Some people have said lately that it is only in recent years - since Arcadia (1993) and, blazingly, in Shakespeare in Love -that Stoppard has started to show his heart: wear it, indeed, on his sleeve. Certainly there is a certain heartlessness about such brilliant earlier plays as Travesties. But the Donmar Warehouse's enthralling revival of The Real Thing (1982) reminds us all that Stoppard has shown the world his heart before.

In The Real Thing - surely his most nearly autobiographical work to date - the playwright Henry is both a witty maker of well-made plays and a twice-married man who adores being in love and who learns, late in the day, to suffer the torments of sexual jealousy.

But The Real Thing is about many things. It is about plays within a play. It is about plays as works of both writerly craft and personal statement. It is about multiple connections between life and art. And about connections between art and art: about taste, originality, reinvention. It is Private Lives as written for grown-ups about grown-ups by a grown-up. (And it is incidentally related to such other English studies of marriage and adultery and sexual jealousy as Pinter's Betrayal and Marber's Closer.) It is both exceptionally witty and exceptionally heartfelt, but also so fast it seldom allows one a chance either to laugh out loud or to feel any undivided emotion.

David Leveaux directs. The only quibbles I have are pedantic - to do with too-modern telephones and the fact that Anna Moffo's recording of "Sempre libera" does not belong in the Toscanini recording of Traviata. Maybe Jennifer Ehle looks too young to joke that 22-ish Billy might be her son; but one forgives a lot in the face of Ehle's personal beauty, which is now in its prime.

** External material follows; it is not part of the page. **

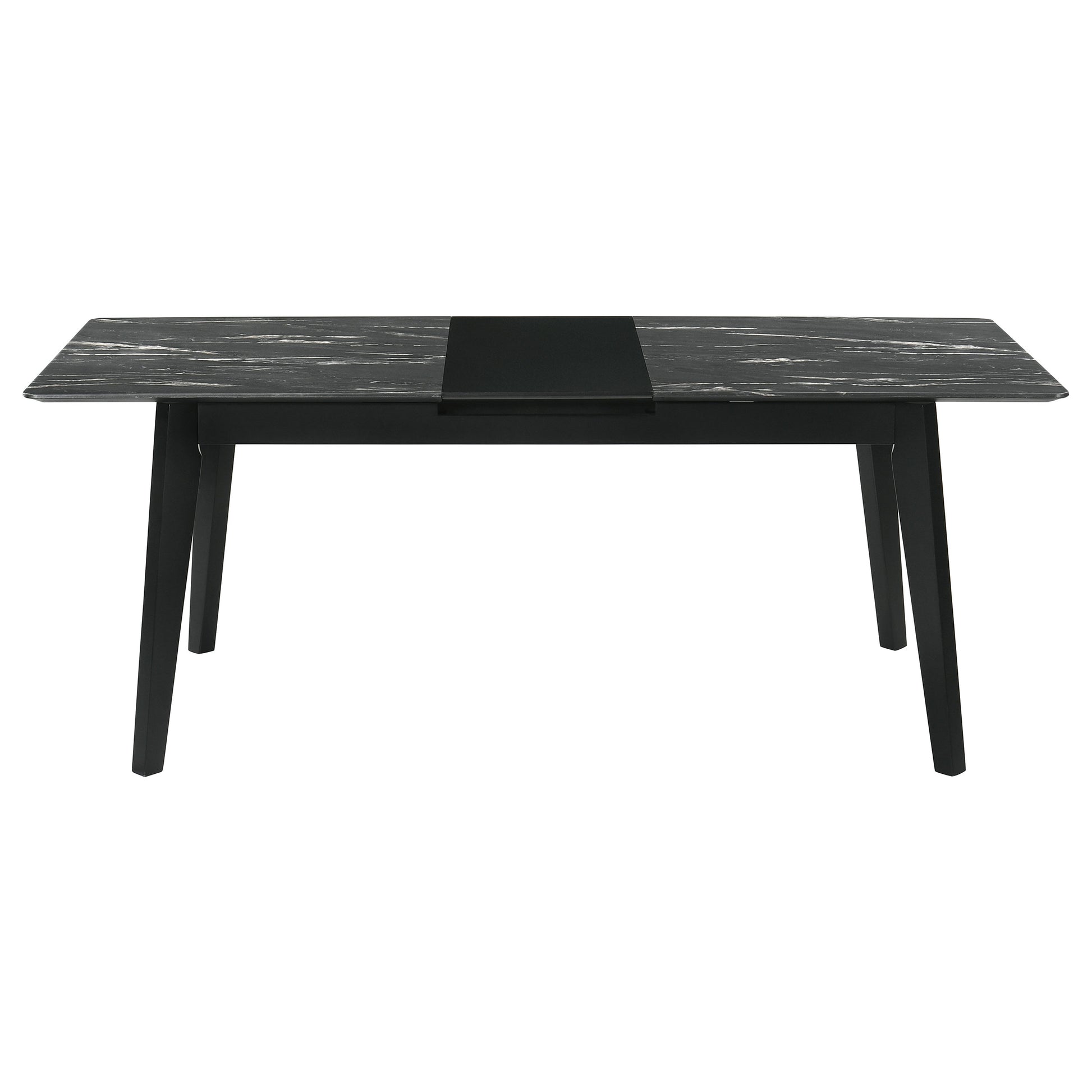 Envision your gatherings transformed with this exquisite dining set, where the sleek lines of modern design meet the timeless allure of faux marble. The table's luxurious black marble-esque top is a symphony of style, supported by fin-style legs that ground it with a touch of sophistication. As your ensemble grows with the seamless self-storing extension, the dining tableau adapts, offering a spacious stage for both feasts and intimate conversations. Accompanying the table, the Danish Y-shaped wishbone chairs, dressed in black and beige, whisper of coastal breezes and relaxed elegance, their form both a nod to tradition and a statement of contemporary grace. This dining set doesn't just host meals; it curates experiences.

Every iota of body-language, above all facial language, between Annie (the role she plays) and Henry (the man she marries) is riveting: sometimes it is a thrill just to watch them facing each other motionless across an empty room. And Ehle's speaking, though less mature, is equally true in feeling. Sarah Woodward, as Henry's first wife Charlotte, perfectly handles the role's tough and canny wit. Nigel Lindsay as Annie's first husband Max and Mark Bazeley as her young admirer Billy are both first-rate.

Each time I see Stephen Dillane, who here plays Henry, I see more clearly what a great actor he is. His playing is so economical and his style so devoid of vocal or physical glamour that, at first, you hardly notice him himself: only what he is doing. He dissolves himself into the character and the play, and everything he does is converted into expression: the lift of an eyebrow, the shading of a syllable. In The Real Thing, he carries with effortless spontaneity the many-faceted core of Stoppard's many-layered play, and delivers with marvellously natural eloquence the speeches about good plays and bad (compared to cricket-bats), about the insularity of passion, and about acknowledging the attractions of other people. Thanks to him, and thanks to Stoppard, one travels a large journey of heart and mind in this production. It goes without saying that if it transfers to the West End, then London would be a better place.